> Kate quotes her query:
>
> "Can you explain what you think the boundary between seeing a thing and
> understanding what it is and how clear that boundary is?"
> >
> Cheerskep replied(at last) ["At last"? Immediately! -- Cheerskep]:
>
> "I don't clearly "understand" Kate's notion of "boundary" but I'll try
> this: When we receive raw sense data -- in, say, the form of a vision or
> sound -- there is a millisecond before the first association arises in our
> mind. The line between those two may be considered the "boundary" between
> "seeing" and (to a degree) "understanding"."
>
> To which Kate responded:
>
> "Sometimes being able to talk fast isn't always good. Apparently you go
> straight to cultural associations and skip the moment of seeing where parts
> of things assume their shape."
>
'Parts of things' is a bit too ambiguous for me to get a sure handhold on,
but maybe this is to the point:
We receive sense data, and the only way we "make sense of it" is by summoning
up associations with that "input". Those associations are notions formed
during our past experience (including "learning" in school or by reading books
and
dictionaries). There ARE the "cultural" associations we all variously harbor.

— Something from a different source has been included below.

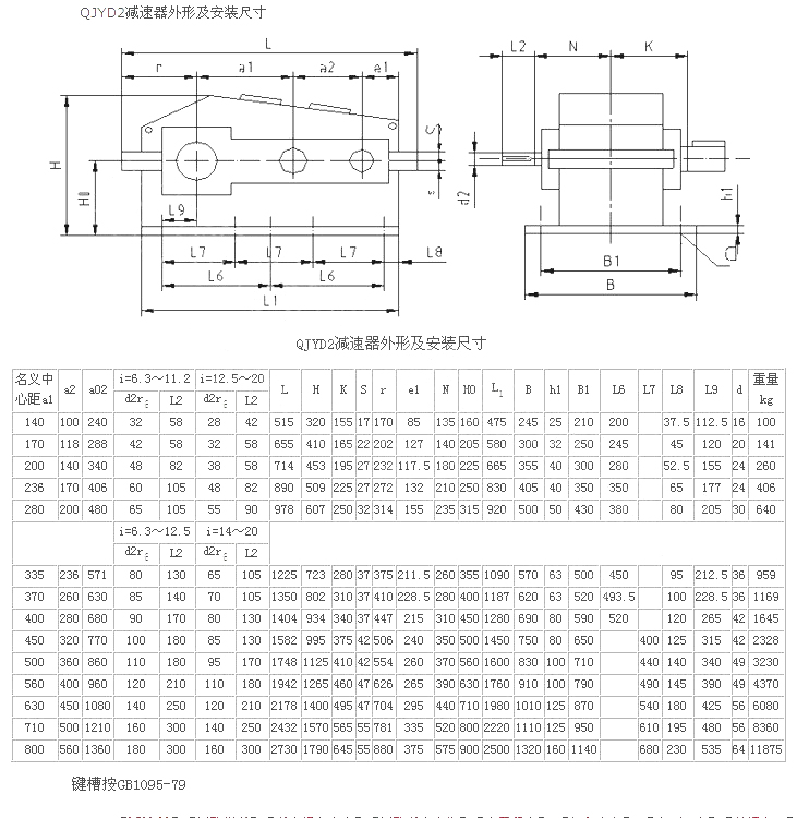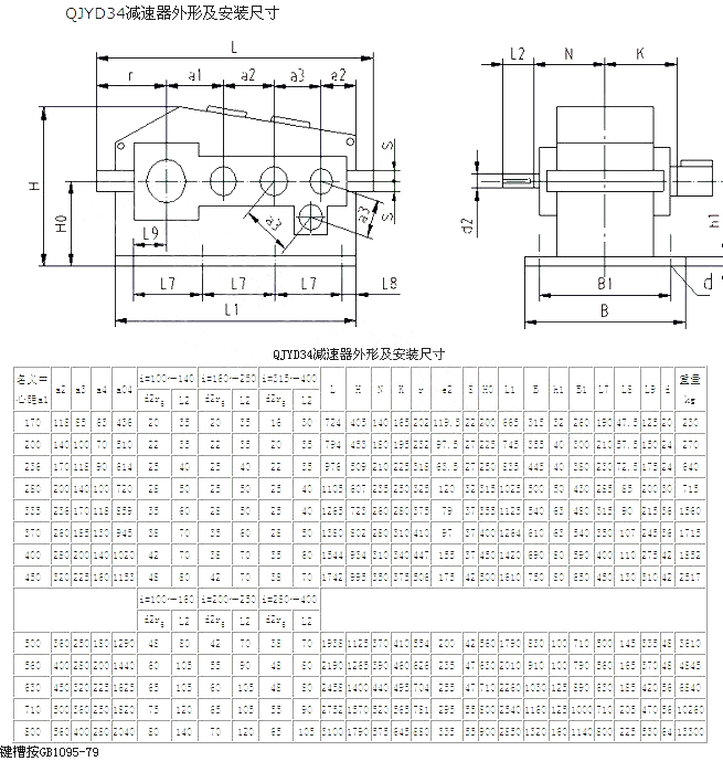 | QYD、QJYD起重用減速機(jī)外形及安裝尺寸 |
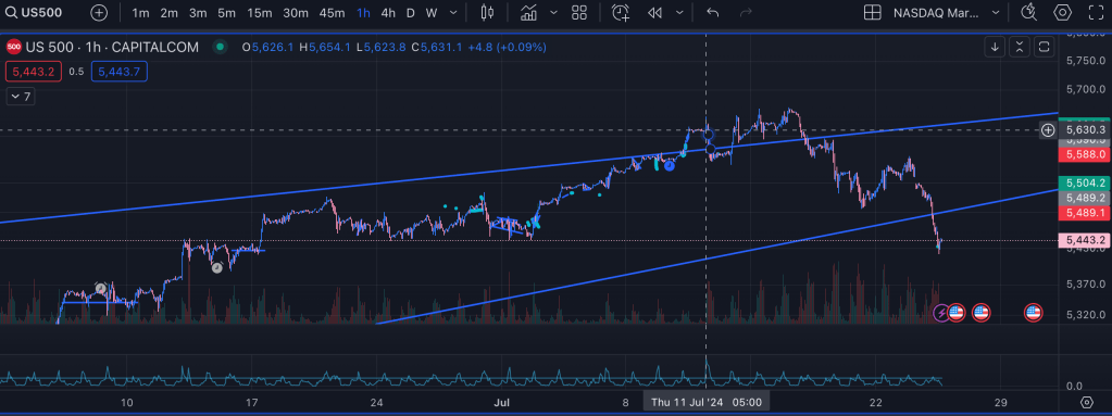The contraction in the S&P/Nasdaq is precipitated when the VIX cleanly starts the breakout. July 11th the VIX starts to waver, and within a few days a trend shift starts to appear in the markets.

A child's initial inventory of associations is almost nil. But eventually it
accumulates enough aural experience where, say, the sound "Daddy" calls to
mind the vision of the guy who needs a shave . Some people will claim the baby
eventually comes to "understand" what the sound "Daddy" "means".
So I suggested the "boundary" -- Kate's word -- between the raw sense data
and "understanding" it, could, to a degree, be accepted as the instant
between
the arrival of the sense-data sound and the first association. (Guaranteed:
The baby will never come to what I'd agree to call fully "understanding" his
Daddy. Remember 'understanding' is Kate's word, not mine. Every time I think
of varieties of what might be called "understanding", I think of it as a matter
of degree.) If the baby has no accumulated association with the sound, he'll
draw as much of a blank as I probably would if I heard a word in Mongolian.
It's true that babies have "instinctive" reactions to external stimulations,
reactions they are apparently born with. Take away a baby's physical support
and she starts to fall, she will cry out. Maybe that's one. Why that elicits
discomfort even though she's never actually fallen is a matter of dispute, I
assume. But the association between the utterance "Daddy" and that particular
unshaven face isn't instinctive. It's learned. And when it's Mommy whose face
heaves up, the association probably comes to be, "Ah! Dinner's coming!"
I'd guess some listers, when they read Kate's phrase, "the moment of seeing
where parts of things assume their shape", will immediately find themselves
with a notion of their own. They'll say, "Hey, I know what she means!" No they
don't. All they "know" are the (various) notions that came to their minds.
So while try to piece together a notion based on that phrase, I realize
there's a good chance it will be nothing like what Kate had in mind.
I'll begin by changing some wording to say, "BEGIN to assume their shape").
Much of notion tends to be cumulative. Then I'll try this. Let's say we get a
quick glimpse of the back of a head in a crowd. It "reminds" us of George. A
flood of associations with George rush to mind. We chase the guy and discover
it's not George after all.
That moment, when raw sense data summon up associations, is an answer that
comes to my mind in response to Kate's question, "What's the boundary between
sense data and (some sort of) understanding".
But Kate disapproves of this thinking. "Apparently you go straight to
cultural associations and skip the moment of seeing where parts of things
assume
their shape." I'm saying that my notion of "shape" here is the bundle of
associations that help me interpret the sense data, "make sense" of it. If Kate
means
by "shape" the vision of the back of that head in the crowd, then my response
is that visual sense data ARRIVES in a shape. My basic ploint is that without a
bank of association, and this lump of links in our heads that first
"receives" and throws it up on our inner screen, and then scurries about
pulling up
associations, the sense data would be all but worthless to us.
If a lister should now complain that all this rumination seems rambling and
fruitless, I will heartily agree. And I will claim it's fruitless because the
original terms were too ambiguous, vague, general, "fuzzy". I would hope the
same lister would not simultaneously criticise my ongoing policy of pushing for
as much initial clarification of terms and notion as can be provided.
Kate naughtily goes on:
> "This is probably why you have
> trouble with cell phones, wondering if those
> things with numbers are buttons."
>
I don't have trouble with them. I simply don't own one. If I did, I
confidently believe I could learn how to work them (though, speaking of
"understanding", not WHY they work, which I'm certain Kate doesn't know
either). What the
hell, we have a complicated alleged "state-of-the-art" Blu Ray tv with three
required remotes, and whenever one of the housekeepers hits the wrong button
they
come running to me and I get it running again. I know I then look a lot more
knowledgeable than I am, prompting me to feel unjustifiably smug.